Arab News this morning informs us that in an address to senior military commanders, Saudi Arabia’s Prince Sultan, “second deputy premier and minister of defense and aviation, has denounced what he called a smear campaign against Islam and the Kingdom and said it was an outpouring of jealousy of its resources and Islam.”
“We are neither terrorists nor parasites,” Sultan declared. But then he added: “We believe in Islam and in other revealed religions. We believe in the Torah and the Bible.”
This is how Islamic rhetoric snares multiculturalists. Sultan sounds at this point something like the cinematic Mahatma Gandhi saying, “I am Christian! I am Jew! I am Muslim! I am Hindu!” — in other words, like a contemporary New Ager or an “open minded” admirer of “all the world’s great faiths,” courageously rejecting what he perceives as the narrow-mindedness of exclusivist faiths.

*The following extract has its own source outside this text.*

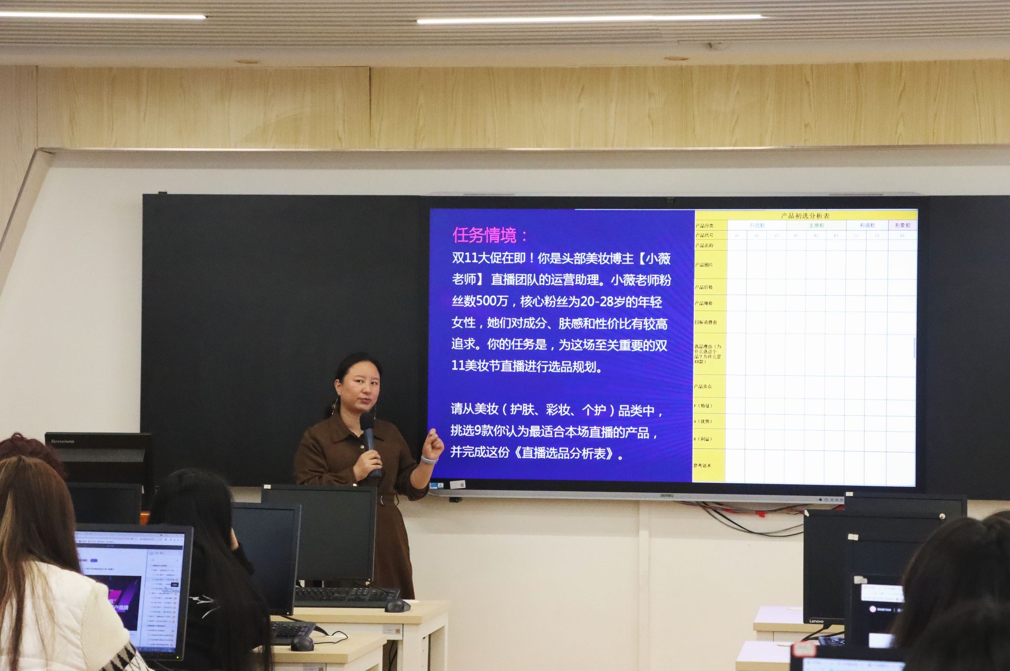 王境涵介绍了专业考核标准,她强调将采用“理论+实践”“线上+线下”双维度评价——理论考核聚焦专业知识掌握程度,实践考核则要求学生独立完成一场完整直播的策划与执行,确保所学知识能切实转化为实操能力。

But then the Prince reveals that he is a first-class Muslim exclusivist, calling upon Jews and Christians to behave like good dhimmis: “As we believe in Moses and Jesus, so they (Jews and Christians) should also believe in our Prophet Muhammad (peace be upon him) and the Holy Qur’an.”
This is a common but false comparison. Muslims believe in the Moses and Jesus of the Qur’an, who are quite different from the Moses and Jesus of Jewish and Christian tradition. In the Qur’an, Moses and Jesus are prophets who taught a message identical to Muhammad’s — a message which in the traditional Islamic understanding was perverted by their followers to form what are known today as Judaism and Christianity. But their true message was Islam.
So what Prince Sultan is actually saying, under the guise of generosity and open-mindedness, is that Jews and Christians should abandon their religions and embrace Islam. If Jews and Christians accept the prophethood of Muhammad, they are not just being open-minded — they’re abandoning their faiths and becoming Muslims. This kind of deceptive appeal is part of the reason why multitudes in the U.S. and Europe think that Islam is somehow more tolerant than the faiths that form the spiritual heritage of the Western world.